● **PROBLEM TO WORK ON**
Exact reproduction is required for the lines below starting at the line with "很多人都喜歡逛台灣的夜市嚐美" and ending at the line with "我一直被人類破壞... 我家失火 ...", both included. No other lines, and no pictures.

● **PROVIDED DATA**
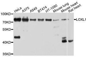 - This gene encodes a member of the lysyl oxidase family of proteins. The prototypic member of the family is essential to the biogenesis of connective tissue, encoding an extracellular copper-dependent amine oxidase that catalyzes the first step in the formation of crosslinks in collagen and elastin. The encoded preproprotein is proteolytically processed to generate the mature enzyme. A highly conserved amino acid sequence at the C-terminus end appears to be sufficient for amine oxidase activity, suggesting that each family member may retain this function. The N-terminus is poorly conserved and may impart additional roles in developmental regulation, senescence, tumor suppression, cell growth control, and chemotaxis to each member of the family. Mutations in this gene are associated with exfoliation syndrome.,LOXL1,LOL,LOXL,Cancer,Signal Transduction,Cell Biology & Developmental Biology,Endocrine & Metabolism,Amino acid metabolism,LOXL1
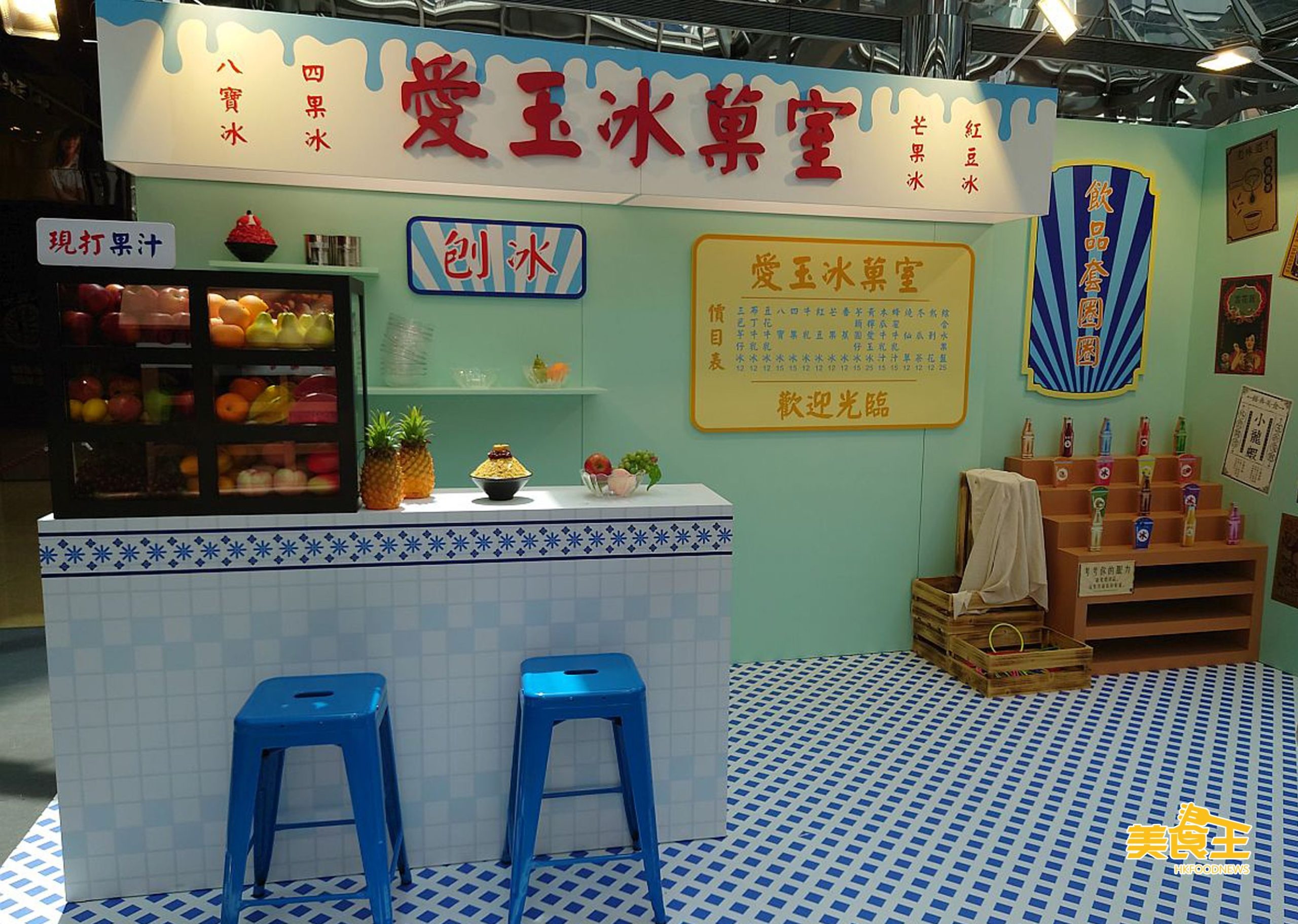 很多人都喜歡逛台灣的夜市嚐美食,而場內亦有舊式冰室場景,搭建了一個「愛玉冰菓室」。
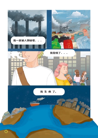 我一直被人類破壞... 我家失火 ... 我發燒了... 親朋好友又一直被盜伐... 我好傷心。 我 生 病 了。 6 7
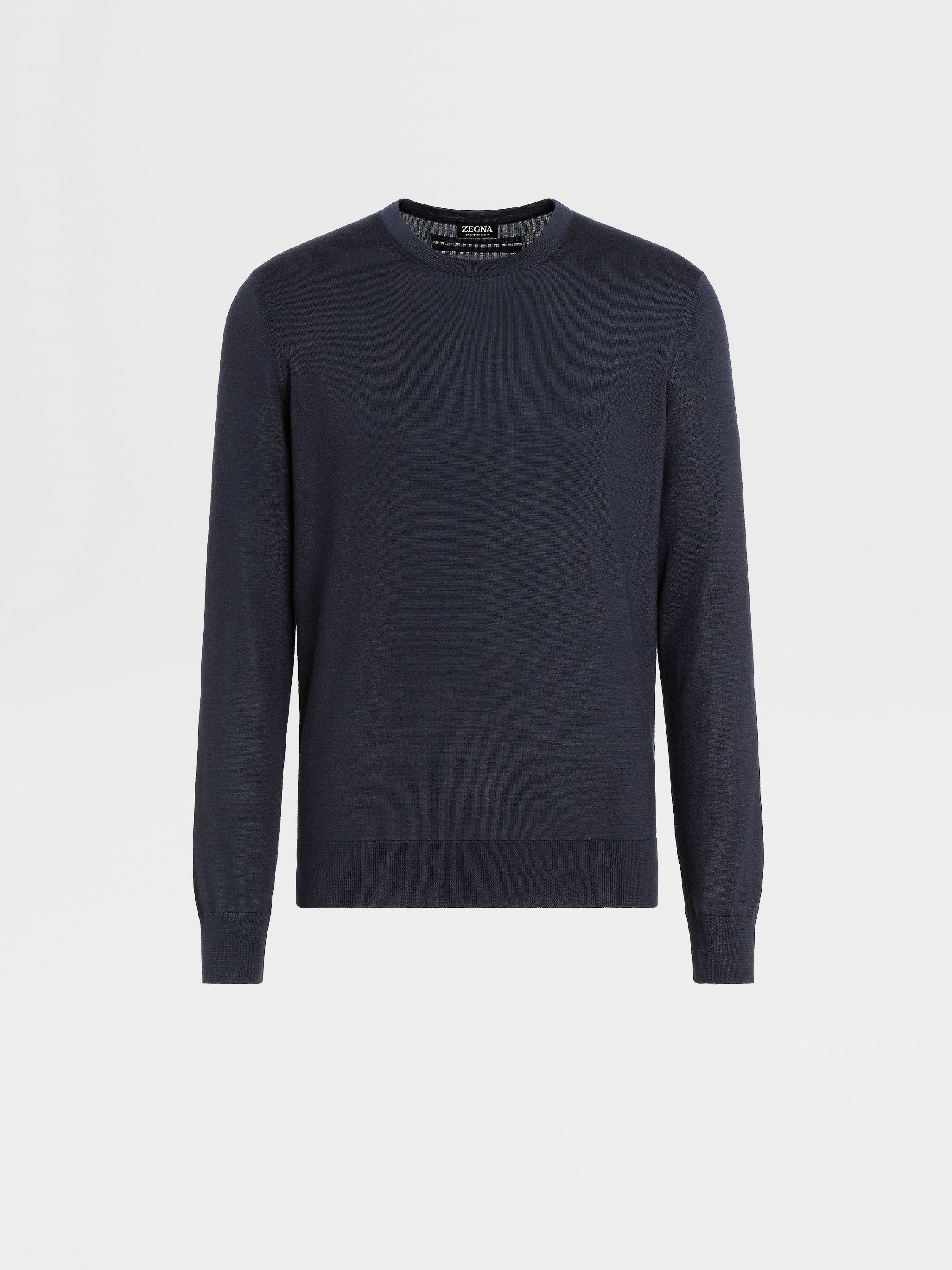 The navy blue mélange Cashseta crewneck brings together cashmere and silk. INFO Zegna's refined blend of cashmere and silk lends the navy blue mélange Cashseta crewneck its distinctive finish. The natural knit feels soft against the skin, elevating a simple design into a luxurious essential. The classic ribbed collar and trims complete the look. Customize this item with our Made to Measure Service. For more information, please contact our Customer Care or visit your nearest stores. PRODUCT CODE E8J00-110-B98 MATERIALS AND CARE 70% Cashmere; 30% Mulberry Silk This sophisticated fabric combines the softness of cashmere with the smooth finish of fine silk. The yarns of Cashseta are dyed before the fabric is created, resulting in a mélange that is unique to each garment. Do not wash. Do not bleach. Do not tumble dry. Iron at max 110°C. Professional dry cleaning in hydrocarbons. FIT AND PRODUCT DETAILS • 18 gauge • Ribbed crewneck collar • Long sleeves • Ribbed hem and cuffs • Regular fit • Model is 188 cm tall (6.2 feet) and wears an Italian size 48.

● **EXERCISE OUTPUT**
 很多人都喜歡逛台灣的夜市嚐美食,而場內亦有舊式冰室場景,搭建了一個「愛玉冰菓室」。
 我一直被人類破壞... 我家失火 ... 我發燒了... 親朋好友又一直被盜伐... 我好傷心。 我 生 病 了。 6 7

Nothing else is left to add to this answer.